Does it change the interaction with the Member States? In what ways?

Does it change how program staff think about their work, their role or their priorities? Q11. To what extent would you say that evaluation is part of the World Bank organizational culture? in what ways? Follow-up:

Would you say that evaluation is part of the routine of the Bank's operation? Why or why not? Is that a good thing?

Is the idea that projects need to be systematically evaluated taken for granted by the staff?

Is it sometimes challenged? In what circumstances? for what reasons?

Could you give me a specific example that illustrates your answer?

Topic 5: The specific role of the independent evaluation function Q12. What is the role of the Independent Evaluation Group (IEG) in the World Bank project-level evaluation system? Follow-up:

In what ways does IEG influence the evaluation process?

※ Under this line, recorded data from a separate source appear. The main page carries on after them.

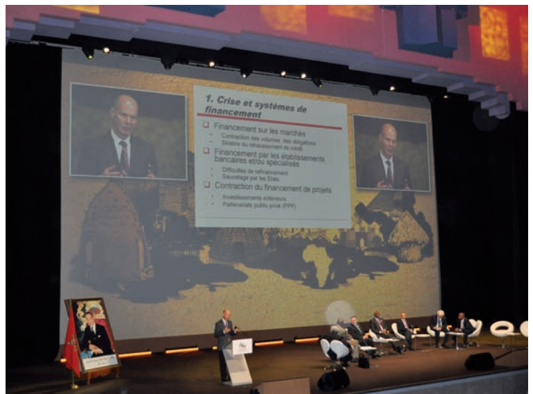
Séance plénière des journées politiques, Africités 5 .

Au total, le programme de réformes auquel sont confrontés les gouvernements et les collectivités locales d'Afrique sub-saharienne est chargé. Il sera facile aux sceptiques d'émettre des doutes sur l'appétit des États et des sociétés africaines à réformer, même sous la pression de l'urgence, les mécanismes de financement d'un secteur où jusqu'à présent l'inertie, la résistance aux changements et l'accaparement par les élites semblent avoir largement prévalu. Mais les sociétés et les économies du continent viennent de manifester, pendant la crise économique mondiale, des capacités d'adaptation et de réaction qui laissent penser, au contraire, que le moment est venu d'engager cet agenda. ■
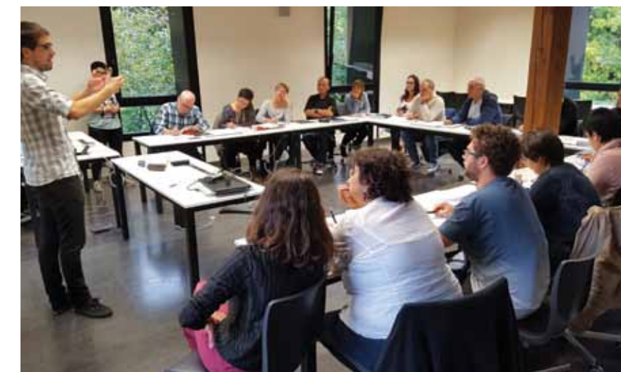
Ikastolen elkarteko taldea komunikazioaren gaineko prestakuntza saioan.

Ikastaroa hasi zen 2017ko urrian eta, guztira, arratsalde osoko bost saio egin zituzten. Humanitate eta Hezkuntza Zientzien Fakultateak antolatutako ikastaroan, AZK komunikazio taldeak ere parte hartu du.
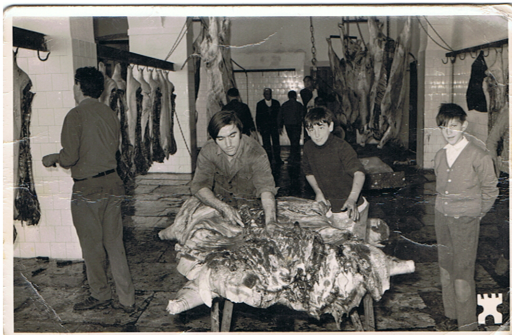
Matadero de Almendralejo, hacia 1960
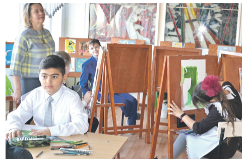
В изостудии школы № 4
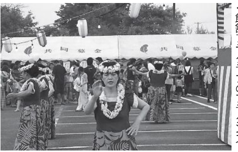
▲飯館フクラクラブのフラダンス
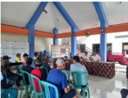
Gambar 1. Penetapan penanaman bibit bersama para anggota Gapoktan.

Dalam upaya pembangunan aktivitas pertanian masyarakat, efektifitasnya dapat ditingkatkan melalui peran pemerintah sebagai penggerak. Hal ini dikarenakan lingkungan dapat terpengaruh oleh sensitifitas dari kelompok tani, sehingga bimbingan dan motivasi menjadi peran pemerintah yang sangat dibutuhkan agar dapat memberikan pengaruh kepada kelompok tani dalam upaya perbaikan lingkungan serta mutu hidupnya. Selain itu, juga dibutuhkan arahan dari pemerintah untuk tetap mempertahankan keseimbangan dalam menyelenggarakan pembangunan. Sebagai dinamisator, peran dari pemerintah adalah terkait dengan pemberian arahan dan bimbingan yang menyeluruh dan efektif dengan sasaran seluruh masyarakat tanpa memandang strata sosial ataupun perbedaan yang terdapat di masyarakat. Hal ini sangat dibutuhkan dikarenakan selaras dengan kebutuhan dari masyarakat, sehingga dengan upaya yang dilakukan tersebut harapannya dinamika pemerintah di masyarakat dapat terpelihara dengan perantara penyuluh maupun Lembaga pemerintah di bidang tertentu yang bertugas mengarahkan serta membimbing dan melatih masyarakat profesi tani.
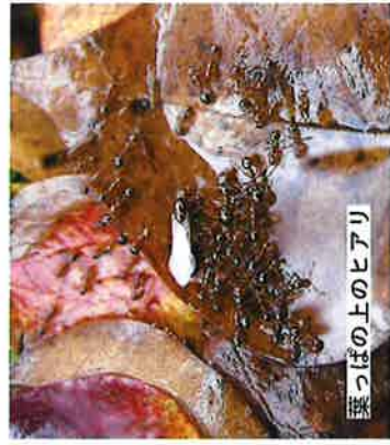
葉っぱの上のヒアリ

アリに刺された旨を伝えて受診してください。 ヒアリの毒への反応は、人によって大きく異なります。
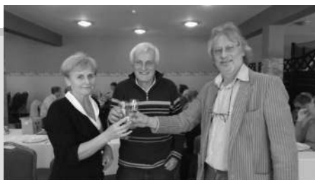
a szervező trió
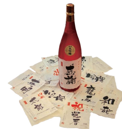
主力商品の『記念日新聞付き名入れ酒』
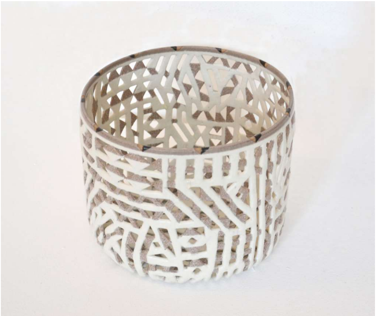
Malene Müllertz, "Andalusisk blondenet" 2011 Stentøj 18x22x22 cm
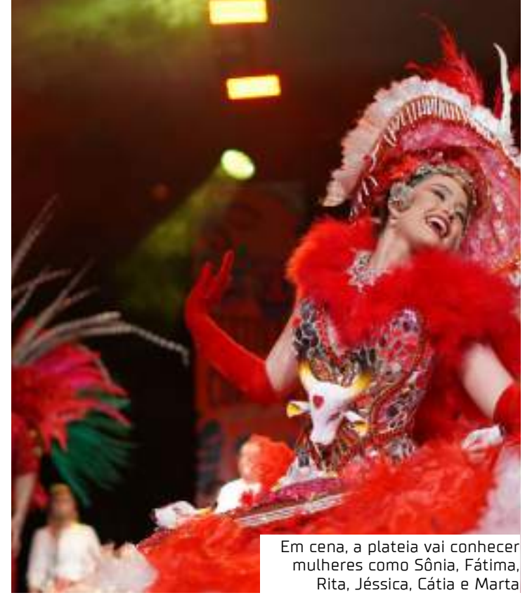
Em cena, a plateia vai conhecer mulheres como Sônia, Fátima, Rita, Jéssica, Cátia e Marta

direção artística foi assinada por Rivaldo Pereira (Garantido) e de Edwan Oliveira (Caprichoso).
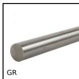
GR Arbre de précision rectifié, Inox
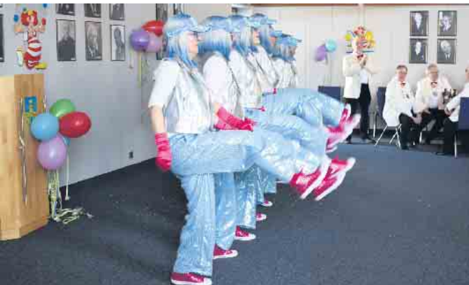
Die Glamour Girls hatten einen tollen Auftritt.
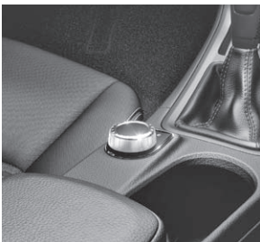
Controller auf Mittelkonsole
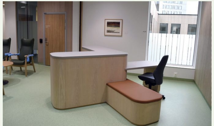
Tanken er at personalet skal sitte mest mulig ute der pasientene er og ikke inne på et vaktrom.

grad. Vi bestemte oss tidlig for å ha god kvalitet på rigg og bespising og har fått tilbakemeldinger på at dette har vært en attraktiv byggeplass å komme til med god mat og pleie.
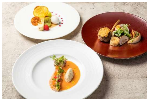
オーストラリアの食材を使用したコース「Taste of Australia」イメージ
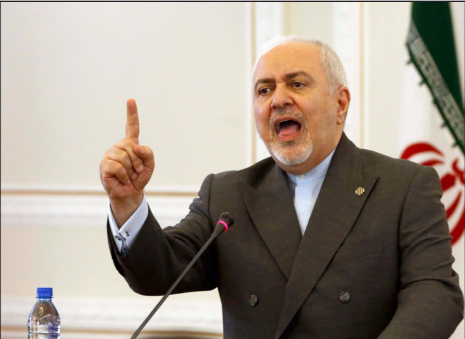
وزير الخارجية الإيراني محمد جواد ظريف يحذر الأوروبيين

وكانت السفارة الأمريكية في برلين قد قالت يوم الثلاثاء، إن الولايات المتحدة تطلب من ألمانيا الانضمام إلى فرنسا وبريطانيا في مهمة لحماية حركة الملاحة عبر مضيق هرمز، والتصدي للاعتداءات الإيرانية». ورفضت ألمانيا الطلب.
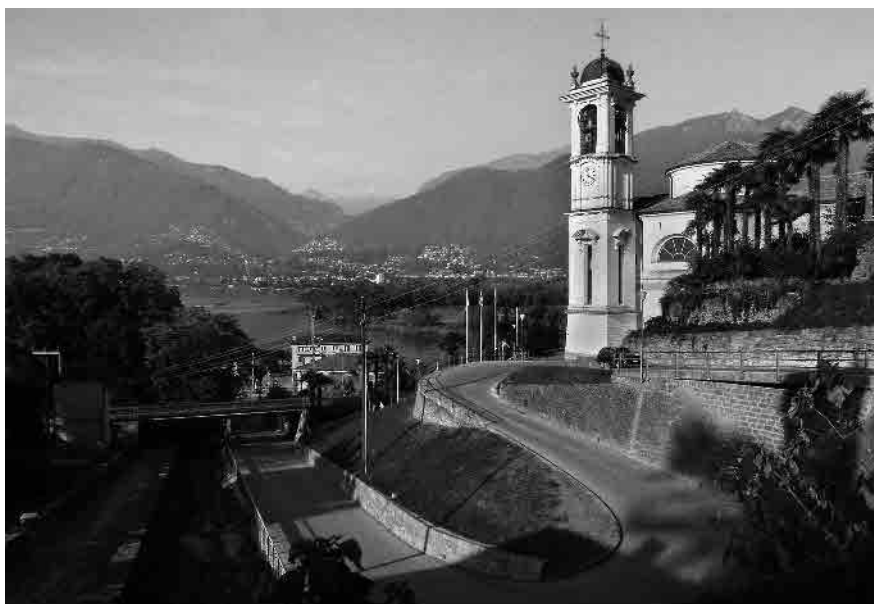
17 Chiesa parrocchiale di S. Carlo, 1846
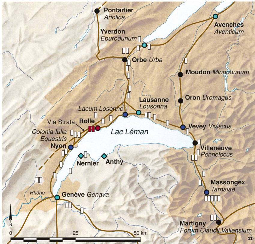
Fig. 11 Voies, milliaires, ports et pontons romains de Suisse occidentale et du pourtour lémanique.

Römische Strassen, Meilensteine, Häfen und Anlegestellen in der Westschweiz und rund um den Genfersee.
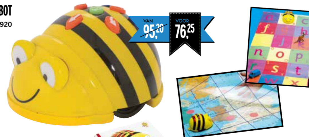
KLASSENSET 6 Bee-Bots inclusief dockingstation 1690929
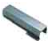
WA8 attacco per asta WA7
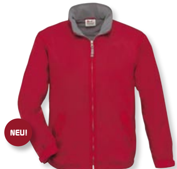
VE 5 St. · Karton 30 St. · Größen S-XXL
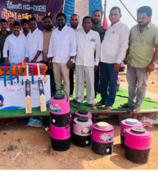
ఉందని చెప్పారు. జిల్లా స్థాయిలో ప్రథమ బహుమతి రూ. 2,00,000, ద్వితీయ బహుమతి రూ. 1,00,000గా ఉండనున్నట్లు తెలిపారు. గ్రామీణ యువత ఎలాంటి ఆటంకాలు లేకుండా క్రీడల్లో పాల్గొని విజయవంతం చేయాలని ఆయన పిలుపునిచ్చారు.

ఎంపీటీసీ పరిధి నుంచి 14 జట్లను ఎంపిక చేసినట్లు తెలిపారు. క్రీడామైదానంలో అవసరమైన అన్ని సదుపాయాలు ఏర్పాటు చేసినట్లు చెప్పారు. ఈ టోర్నీలో ప్రథమ బహుమతి రూ. 50,000, ద్వితీయ బహుమతి రూ. 20,000గా నిర్ణయించినట్లు వెల్లడించారు. గ్రామీణ ప్రాంతాల క్రీడాకారులను ప్రోత్సహించాలనే ఉద్దేశంతోనే ఈ కార్యక్రమం చేపట్టినట్లు పేర్కొన్నారు. మండల స్థాయి పోటీలు పూర్తయ్యాక గెలుపొందిన జట్లు జిల్లా స్థాయి పోటీల్లో పాల్గొనేందుకు పంపబడుతుందని తెలిపారు. జిల్లా స్థాయి పోటీల్లో ప్రతి లీగ్ మ్యాచ్ లో కేసీఆర్ పాల్గొనే అవకాశం
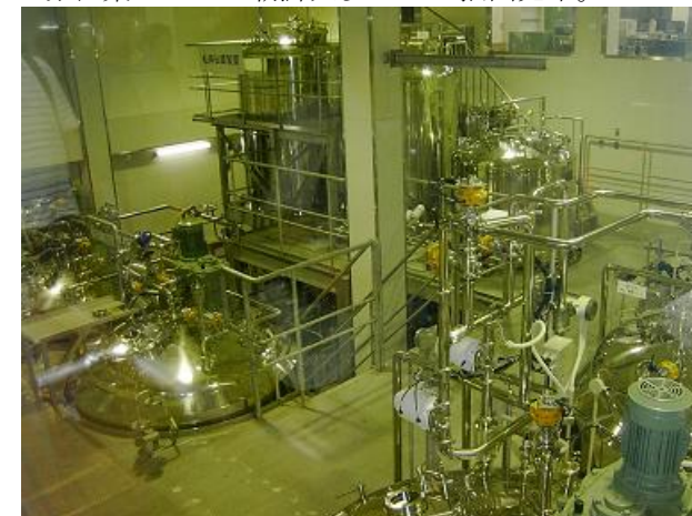
松寿仙調製室。左奥が葉緑素抽出装置。
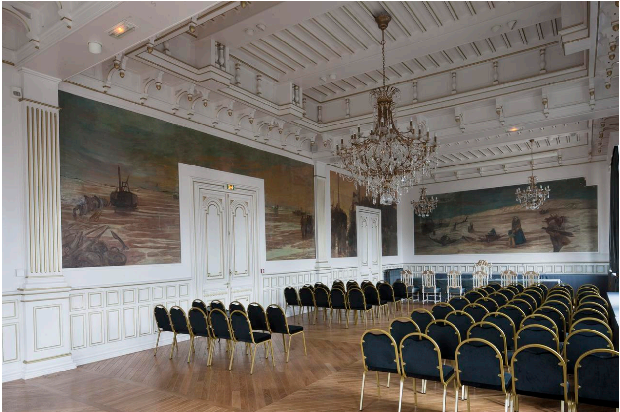
Vue générale du salon d'honneur.
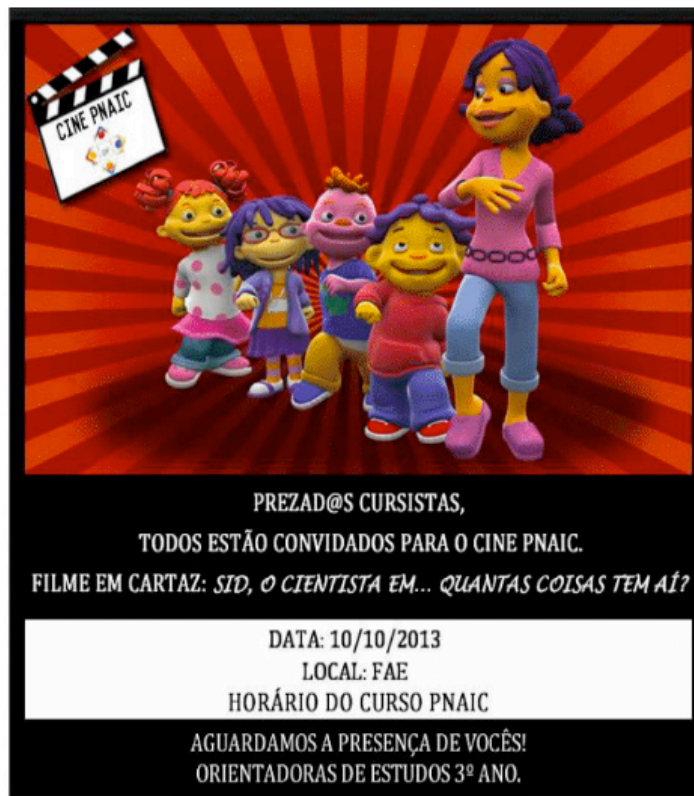
Figura 4 - Convite do Cine PNAIC.
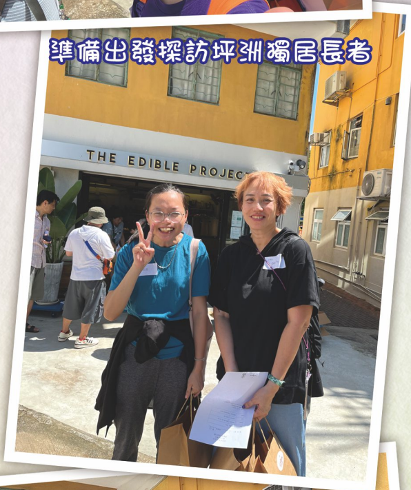
準備出發探訪坪洲獨居長者

Does it impact top-level decisions of the Bank's Senior Management? Through what channel?

Does it impact the day-to-day operations of the Bank? Through what channel?

Q13. To what extent does IEG's influence extend beyond the World Bank? Through what channels? Topic 6: Overall judgment about evaluation within the Bank Q14. Overall, do you think that the increased emphasis on evaluation is a positive development for the Bank? Why? Why not? Q15. Any final thoughts or documents you think would be useful for my research?